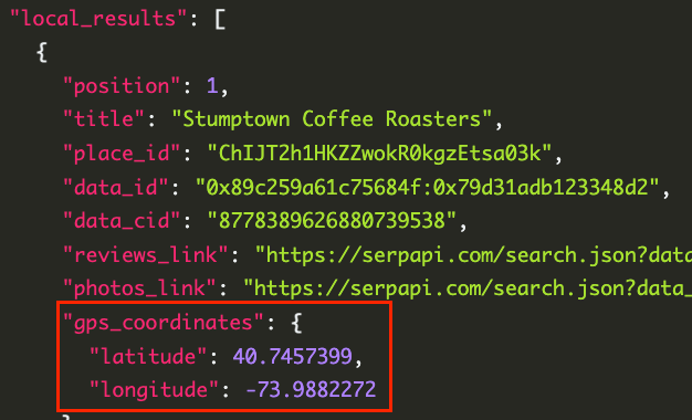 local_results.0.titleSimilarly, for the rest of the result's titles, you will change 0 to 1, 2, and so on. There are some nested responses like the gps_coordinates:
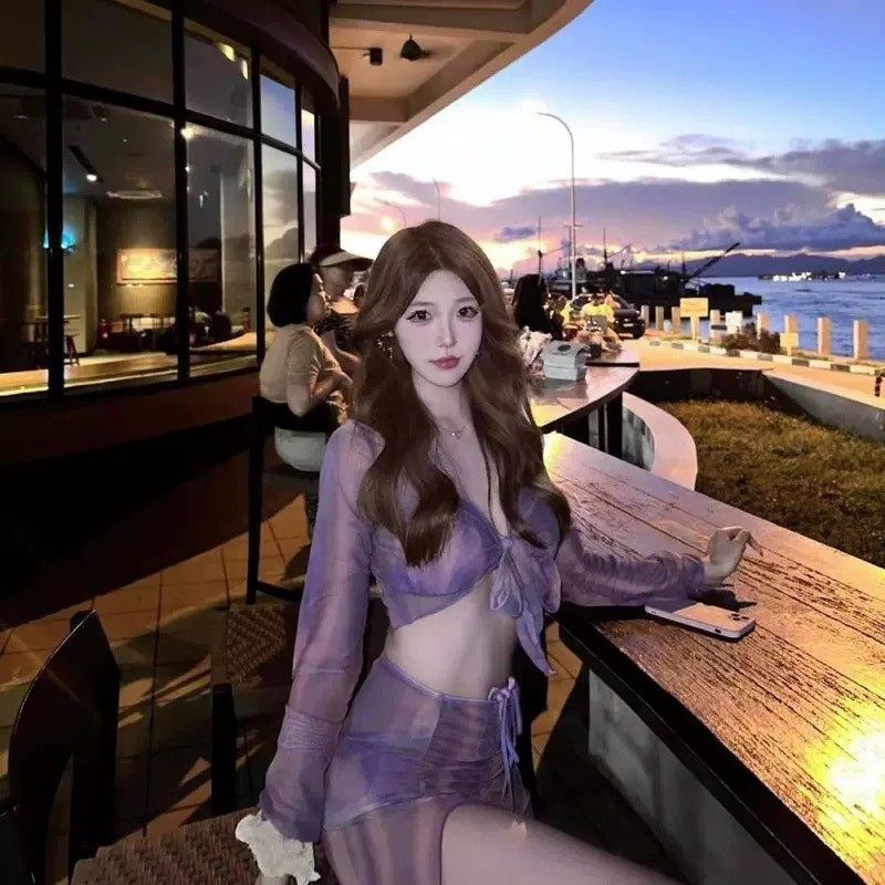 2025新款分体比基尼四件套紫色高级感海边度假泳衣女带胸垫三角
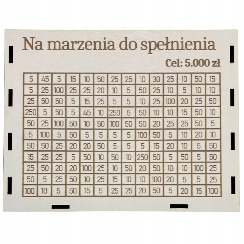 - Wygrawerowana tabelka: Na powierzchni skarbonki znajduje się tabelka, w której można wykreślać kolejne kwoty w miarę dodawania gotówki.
--
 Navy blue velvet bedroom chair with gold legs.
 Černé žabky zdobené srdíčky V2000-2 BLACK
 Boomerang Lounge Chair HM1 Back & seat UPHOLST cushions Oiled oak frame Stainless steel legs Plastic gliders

● Required action
Repeat exactly the stretch of the listing above that starts with the line holding "local_results.0.titleSimilarly, for the" and finishes with the line holding "- Wygrawerowana tabelka: Na", both included. Skip every picture.

● The answer
 local_results.0.titleSimilarly, for the rest of the result's titles, you will change 0 to 1, 2, and so on. There are some nested responses like the gps_coordinates:
 2025新款分体比基尼四件套紫色高级感海边度假泳衣女带胸垫三角
 - Wygrawerowana tabelka: Na powierzchni skarbonki znajduje się tabelka, w której można wykreślać kolejne kwoty w miarę dodawania gotówki.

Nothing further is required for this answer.